Mr Kirsopp’s interest was ‘people’.
His daughter, Mandy Kirsopp, said her father had an ‘obligation’ to help others, believing, ‘if you can, you should’.
“As a child, the family home was always busy with people dropping in, on evenings, or at weekends. Either to seek his counsel, or just to talk with Mum and Dad. There was a constant stream of people through the house and that is because there had been such a connected network of people who were touched by Bob and Mavis,” she said.
She said her father’s lung-cancer diagnosis, an initial terminal medical prediction, and his subsequent cancer recovery allowed him to offer support to people experiencing similar struggles. It was companionship, she said, that people often gladly accepted.
Mr Kirsopp served as Horsham mayor in 1975 and 1976, and was a Horsham councillor for nine years.
Mandy Kirsopp said with state and federal elections called during Mr Kirsopp’s mayoral tenure, he hosted about 300 civic functions — many as part of electoral campaigns across the region.
She said, however, he preferred to ‘not get bogged down’ in politics.
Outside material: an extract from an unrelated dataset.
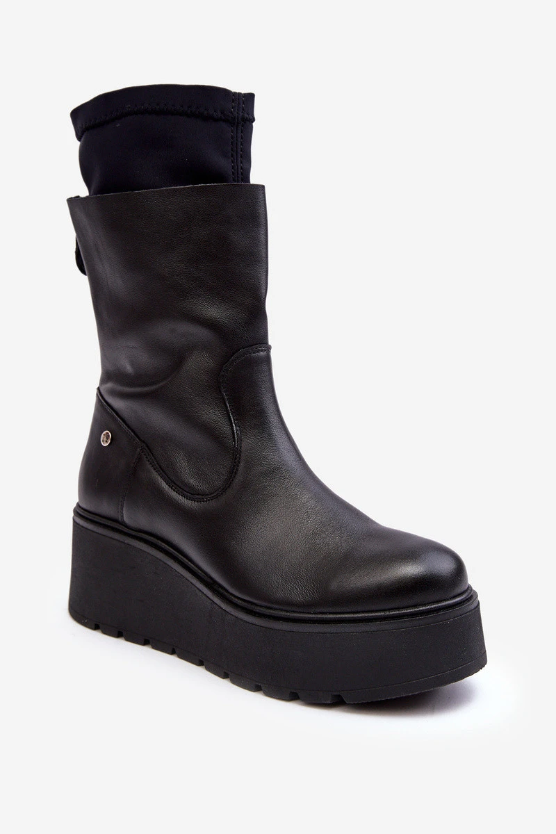 Dámské kožené kotníkové boty na masivní platformě model 21714699 Černé - Maciejka
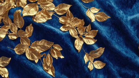 This captivating image showcases intricate golden leaves delicately arranged on a rich blue velvet background, perfect for elegant designs and decorations.

“He had equal care and concern for everyone — regardless of their position in life. He recognised the necessity of political ceremony, but he never thought a politician was more important than anyone else. Dad did a lot of civic things, many that were very public by nature, but so much of what he did for people was private and personal,” she said.
“Bob and Mavis were a unit and their community impact as a couple was testament to the influence they have both had with so many people across the years.”
Mr Kirsopp’s long list of pursuits also included a national-service stint with the 4th/19th Prince of Wales Light Horse company as a young man, several jobs across the construction sector, bus driving, goat breeding, historic-car restoration and hosting foreign-exchange students.